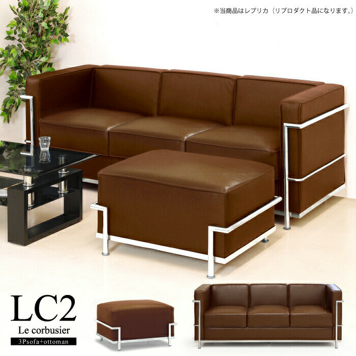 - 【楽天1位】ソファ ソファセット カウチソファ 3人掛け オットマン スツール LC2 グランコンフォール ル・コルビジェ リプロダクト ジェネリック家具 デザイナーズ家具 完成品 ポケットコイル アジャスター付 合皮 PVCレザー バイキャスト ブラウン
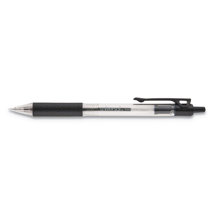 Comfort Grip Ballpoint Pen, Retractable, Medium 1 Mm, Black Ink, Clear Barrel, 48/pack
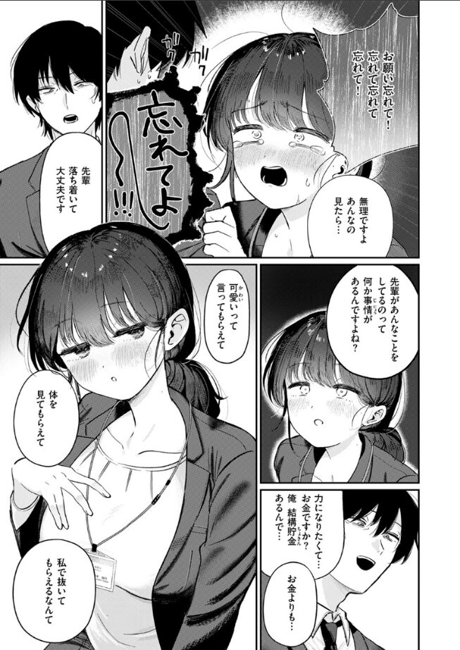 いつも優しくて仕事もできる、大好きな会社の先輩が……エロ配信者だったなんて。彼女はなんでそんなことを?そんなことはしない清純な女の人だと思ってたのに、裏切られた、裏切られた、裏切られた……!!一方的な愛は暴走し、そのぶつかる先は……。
##############################
WORK ORDER -
Please give all of the material again, exactly, without the images.

WRITTEN SOLUTION -
 - 【楽天1位】ソファ ソファセット カウチソファ 3人掛け オットマン スツール LC2 グランコンフォール ル・コルビジェ リプロダクト ジェネリック家具 デザイナーズ家具 完成品 ポケットコイル アジャスター付 合皮 PVCレザー バイキャスト ブラウン
 Comfort Grip Ballpoint Pen, Retractable, Medium 1 Mm, Black Ink, Clear Barrel, 48/pack
 いつも優しくて仕事もできる、大好きな会社の先輩が……エロ配信者だったなんて。彼女はなんでそんなことを?そんなことはしない清純な女の人だと思ってたのに、裏切られた、裏切られた、裏切られた……!!一方的な愛は暴走し、そのぶつかる先は……。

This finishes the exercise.